- Hunt's Hill
- Coordinates: 39°14′18″N 120°54′46″W﻿ / ﻿39.23833°N 120.91278°W
- Country: United States
- State: California
- County: Nevada
- Elevation: 2,904 ft (885 m)
- GNIS feature ID: 1682901

= Hunt's Hill, California =

Hunt's Hill (also, Hunts Hill and formerly, Gouge Eye) is a former mining camp in Nevada County, California, United States. Hunt's Hill was located in the Sierra Nevada foothills about 6 miles in a straight line southeast of Nevada City and about 2 miles northwest of You Bet, on the north side of Greenhorn Creek, not far from the present intersection of Red Dog and Buckeye Roads.
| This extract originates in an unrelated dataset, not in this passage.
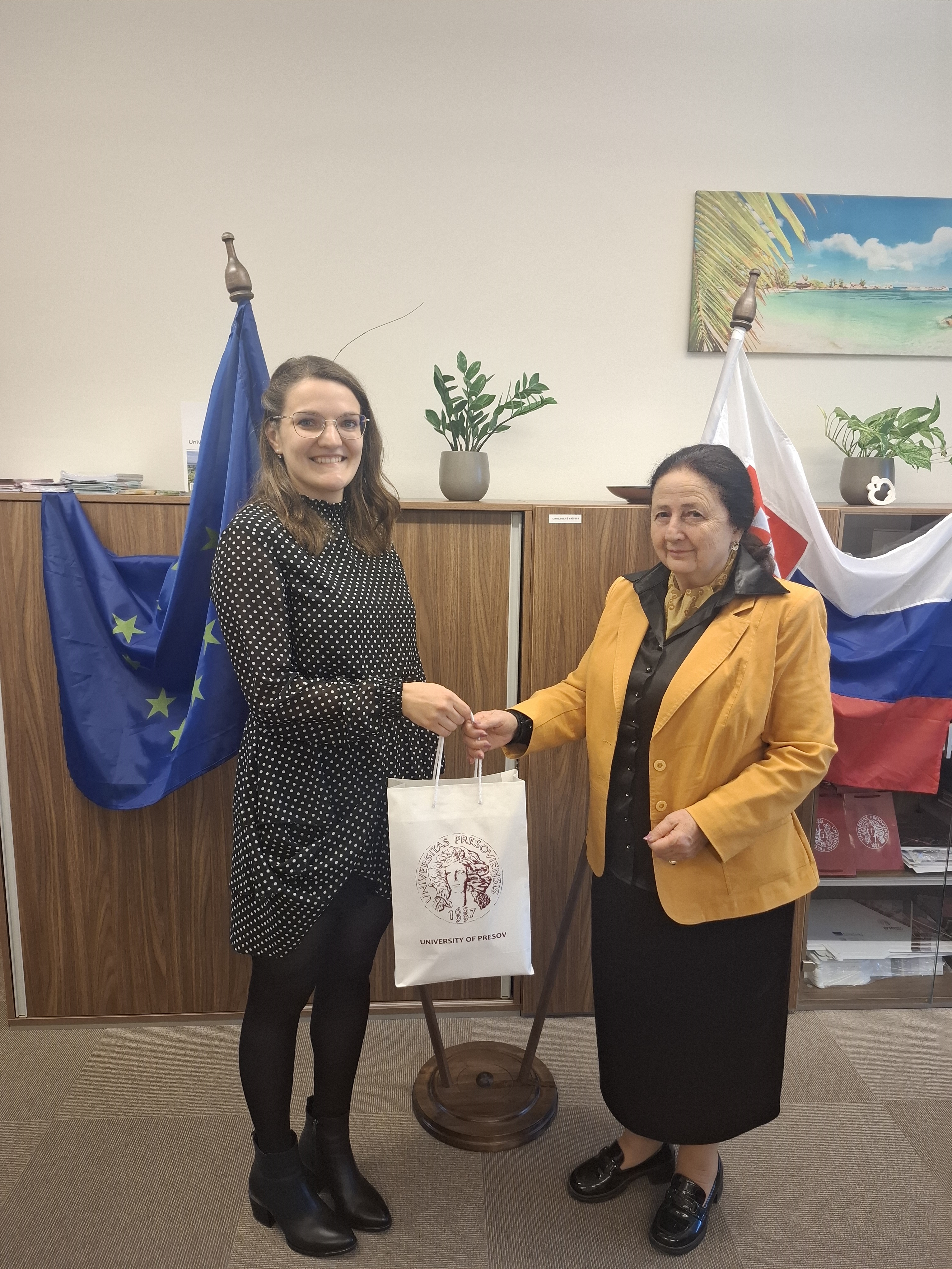 Pani prodekanka vyzdvihla medzinárodnú spoluprácu a internacionalizáciu, ktorou prispieva aj Inštitút rusistiky FF PU. Takisto prejavila záujem o ďalšie rozvíjanie medzinárodnej spolupráce s Jerevanskou štátnou univerzitou v Idževane, ako na fakultnej úrovni s Fakultou humanitných vied Jerevanskej štátnej univerzity, tak aj na inštitútovej úrovni s Katedrou cudzích jazykov. Pani prodekanka zaželala pani prof. Minasyan príjemný pobyt na pôde Filozofickej fakulty PU v Prešove.

Hunt's Hill was founded in 1852 by a miner named Hunt. It was located on one of the deepest parts of the rich Blue Lead channel of gold-bearing gravel. In 1855, one of the mining claims established by some French miners, was “jumped". During the fight, one of the French miners lost an eye. Thereafter, that mine, and sometimes the town, were called Gouge Eye.
By 1857, the town boasted two saloons, a hotel, a blacksmith and stable, a butcher shop, a boot and shoe store, and several grocery stores. In 1858, a stage line from Nevada City arrived. In 1866, seven cement mills for extracting gold from the “blue cement” were operating in the area. By 1880, the town was reduced to a combined store and saloon and a few houses. In 1895, one directory summed up the state of the community thus: "At the present time there is not much doing there." Since that same directory identified the town's justice of the peace and constable, what little happened must have been interesting. Today, it is just a historic site.